While SOPHE is providing all registered attendees with tickets for the online event, it is not refunding the fee for the conference, which costs more than $250.

Typically, SOPHE is a major conference where students like Valenzano can present their research and connect with professionals in their field.

“I was presenting my undergraduate research there,” Valenzano said. “A big part of doing research is being able to present it at conferences. Having that kind of national stage would have been really good to help me out with research ideas and methods.”

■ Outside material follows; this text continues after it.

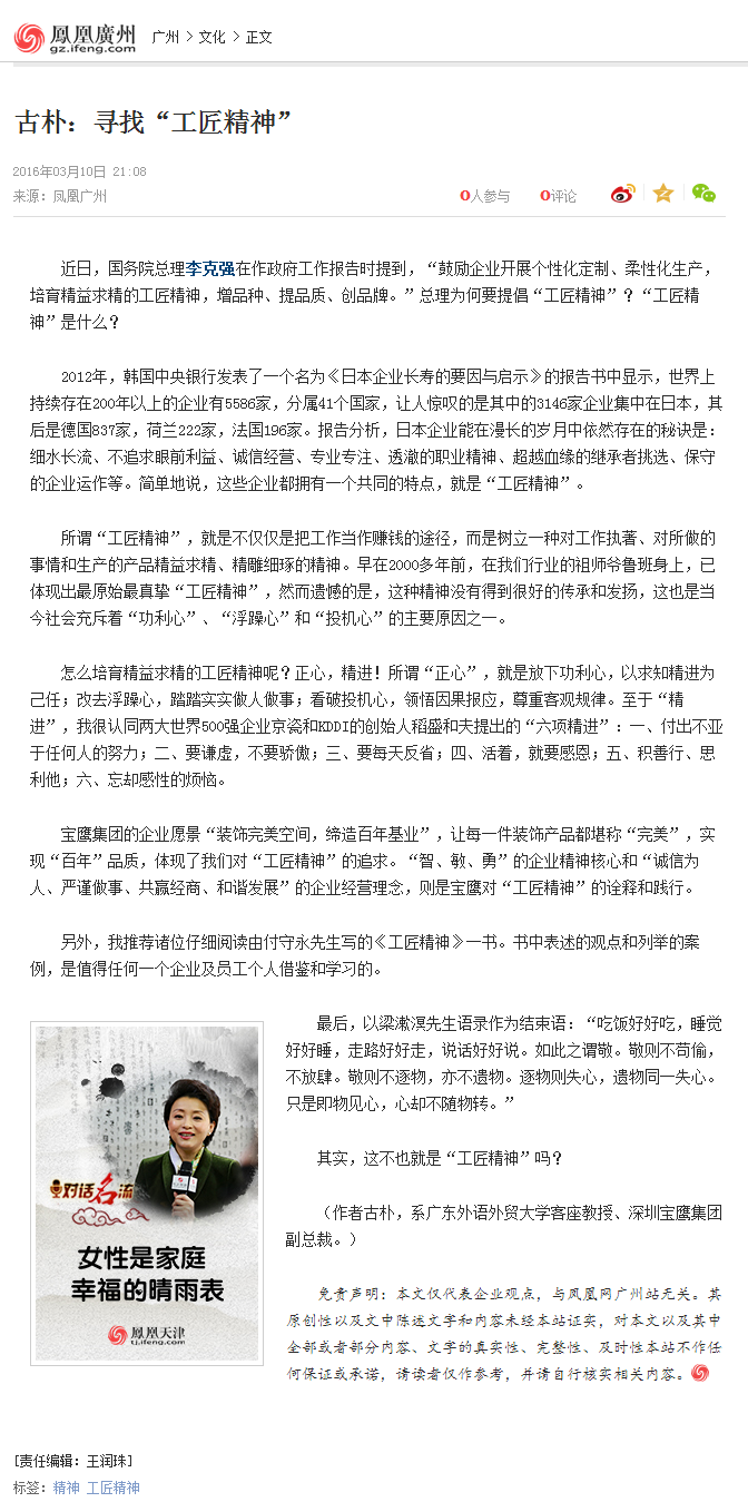 近日,國務院總理李克強在作政府工作報告時提到“工匠精神”,“工匠精神”是什么?為何要提倡?騰訊網、鳳凰網、新華網等國內多家媒體刊登寶鷹集團副總裁文章《尋找“工匠精神”》,且看古樸先生如何解讀。
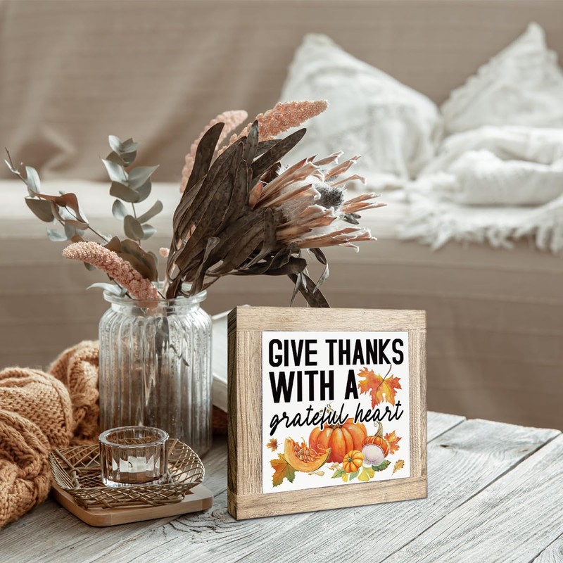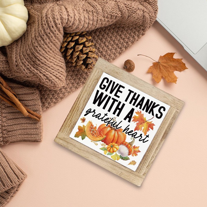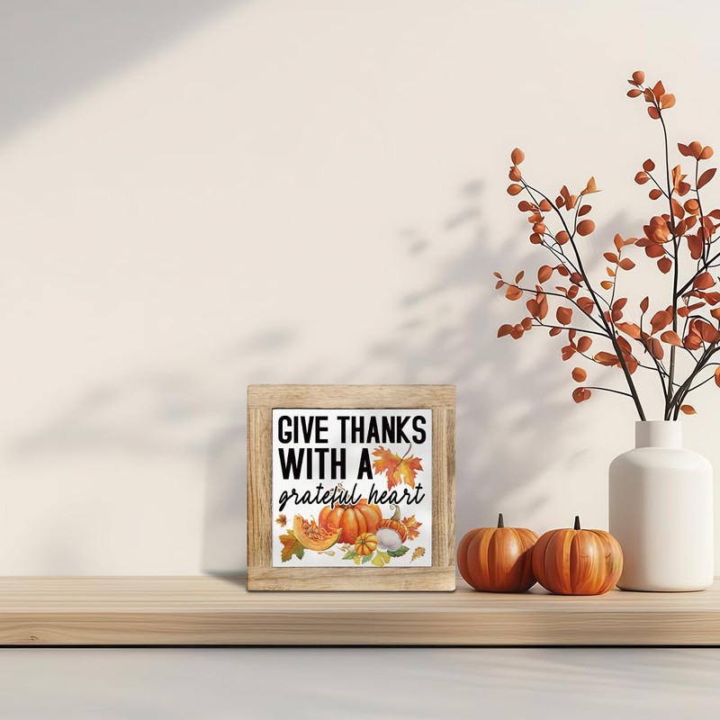 Fall Decor, Give Thanks with A Grateful Heart Signs, Pumpkin Harvest Decoration, Thanksgiving Home Farmhouse Decors, Wooden Decorative Fall Signs, Box Sign Wood Desk Sign Decor 5.9X5.9X0.7inches

For student presenters like Valenzano, presenting their research is an opportunity to share their ideas, connect with professionals and receive feedback.

Valenzano’s research, “Family Composition in the Conformity to Masculinity Norm,” looks at how different forms of masculinity influence men’s health and health disparities

Valenzano may be able to upload her research poster presentation to the virtual conference, but she doesn’t believe that she will receive the same amount of feedback from public health professionals that she would from the foot traffic of an in-person conference, Valenzano said.

For Valenzano, the coronavirus has shaken up more than her attendance at the SOPHE conference.

“I got into a lot of different master of public health programs, and every single one of them, including top ones in the nation, canceled all of their admitted student days and all of their tours because of the outbreak,” Valenzano said.

For Valenzano, this means “shooting in the dark” to pick a master’s program.

Online virtual campus tours will be available to Valenzano, but she believes that it won’t be the same as an in-person campus tour.

“Going forward, it’s going to be hard to pick a program that I fit with because I can no longer visit them in person,” Valenzano said. “The first time I get to see the facilities that I’ll be working in for the next two years will probably be my first day of class.”